I am referring here to the fact that the current legislation governing many CFIs includes a requirement to avoid prejudicing New Zealand's reputation as a responsible member of the world community.
As part of the Crown, the independent commercial nature of CFIs is ultimately tempered with a responsibility to avoid prejudice to New Zealand's reputation. Arguably all entities responsible for public money have an implicit requirement to avoid prejudice; however it was included specifically in the CFIs legislation to ensure that they develop explicit policies and did not overlook the implicit requirement. Those policies must be included in their statements of investment policies, standards and procedures, and be published in their Annual Reports.
While some have proposed that more specific criteria be set out in the legislation, all the CFIs have developed policies that address the issue of avoiding prejudice to New Zealand's reputation, and I think it is important to let those policies evolve and meet the test of the real world.
That is why I am strongly inclined to give the current policy framework time to work.
Having said that, it is essential that we promote a vigorous discussion within the investment community of what constitutes good ethical practice. I think it is important to begin with a broad view of the ethical issues that investors face. Ethical investment is not a matter of developing and enforcing a list of proscribed investments, a kind of seven deadly sins approach.
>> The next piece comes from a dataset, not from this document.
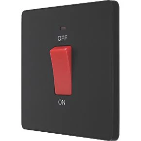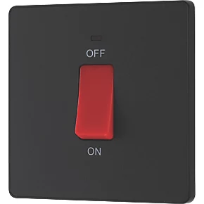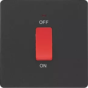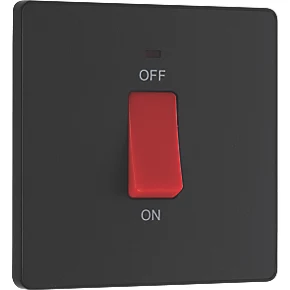 Double pole switch with low power, flush fit LED indicator, for use with cookers and ovens. Features low profile, screwless flat plate that clips on and off, making it ideal for modern interiors.

This approach invites endless sophistry around the boundary of what is acceptable and what is not. It ignores the fact that some industries - such as pharmaceuticals, biotechnology and fuels - are both fraught with ethical issues and nevertheless crucial to our economy and our way of life. And it creates a perception that there are some industries which are ethical "angels', when in fact we know that all businesses have ethical challenges from time and time and need to keep these under review.
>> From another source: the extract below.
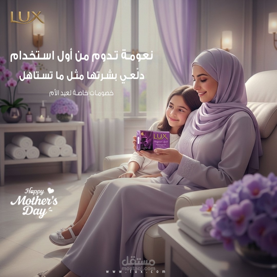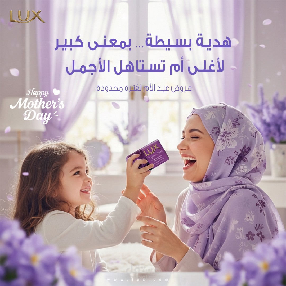 Mother’s Day themed social media design for Lux soap, focusing on elegance, softness, and the emotional value of gifting.

There is no road map for investors through this ethical minefield. For example, several CFIs are exploring the question of whether engaging with companies whose practices, for example labour or environmental, may be close to breaching required standards may assist in changing that entity's behaviour while also enhancing economic returns.
That scenario offers the prospect of a win-win situation. However, I would not want a CFI to see it as their role to become an ethical crusader, and to offer their shareholders good karma as an alternative to good financial returns.
What is clear is that an organisation like CSRI can play an important role in highlighting the issues that investors need to take into account, and in working to improve the quality and consistency of information available to the investment markets. It is salutary to remember that a decade ago concepts such as environmental audits or the triple bottom line were regarded as somewhat left field. They are now firmly in the mainstream, and the investment community is becoming more adept at using them to assess long term value.
The task ahead is to refine these and other instruments so as to provide professional investment advisers and ordinary citizens with a better range of choices.
I trust that today's conference will make some important steps forward towards that goal.